Problem to solve:
Reproduce the material below line by line, beginning with its first line and ending with the line that contains "香川県の1月の有効求人倍率は"; leave out pictures.

Provided material:

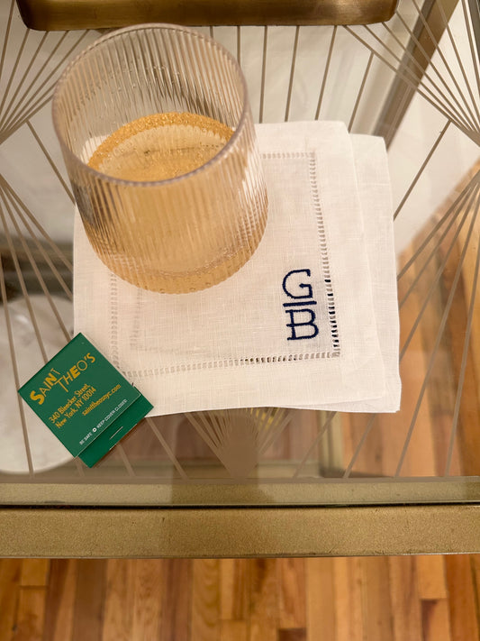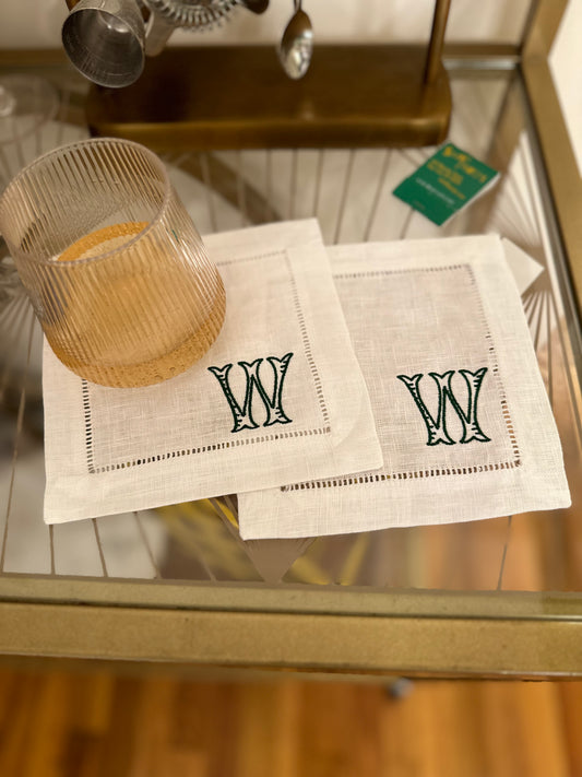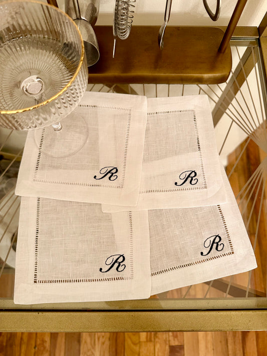 Custom Single Letter Monogram Embroidered Cocktail Napkin Set
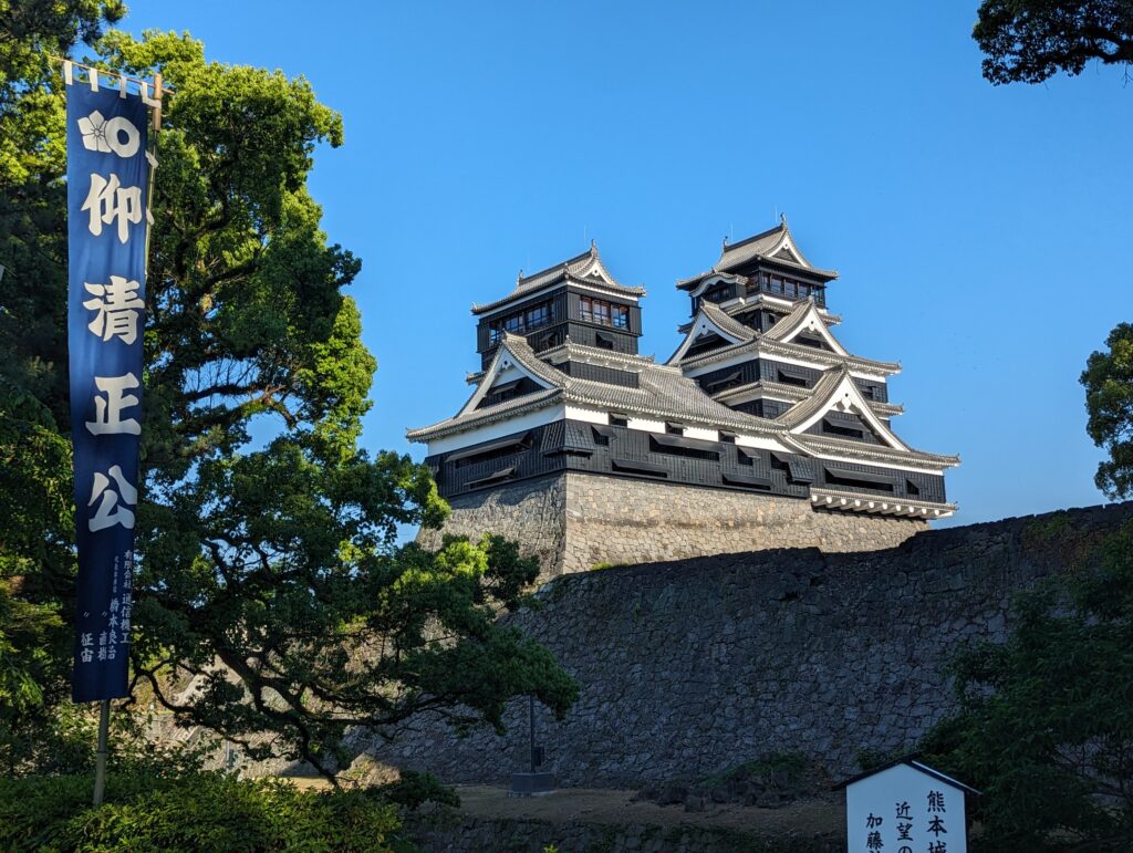 Célèbre pour ses fortifications, le château de Kumamoto a été érigé par Katô Kiyomasa, en 1606. L’édifice a subi de très lourds dégâts lors de la série de séismes qui a touché la région en 2016 et il est en cours de reconstruction.
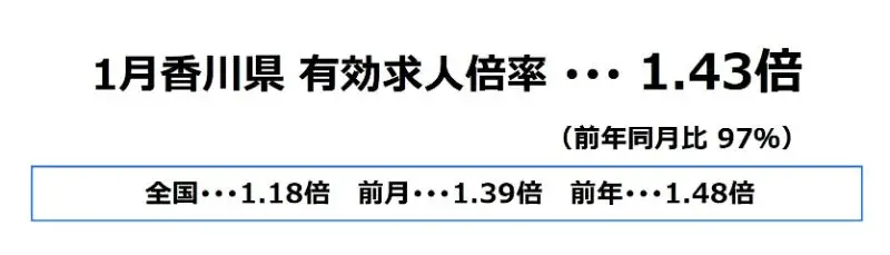 香川県の1月の有効求人倍率は、1.43倍となり、前月より0.04ポイント上昇、前年同月比では97%となっております。
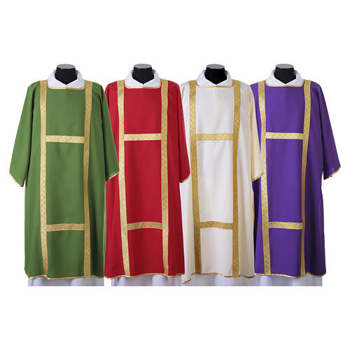 Deacon dalmatic crafted from polyester, suitable for all liturgical seasons and available in ivory, red, green, and purple.

Worked solution:
 Custom Single Letter Monogram Embroidered Cocktail Napkin Set
 Célèbre pour ses fortifications, le château de Kumamoto a été érigé par Katô Kiyomasa, en 1606. L’édifice a subi de très lourds dégâts lors de la série de séismes qui a touché la région en 2016 et il est en cours de reconstruction.
 香川県の1月の有効求人倍率は、1.43倍となり、前月より0.04ポイント上昇、前年同月比では97%となっております。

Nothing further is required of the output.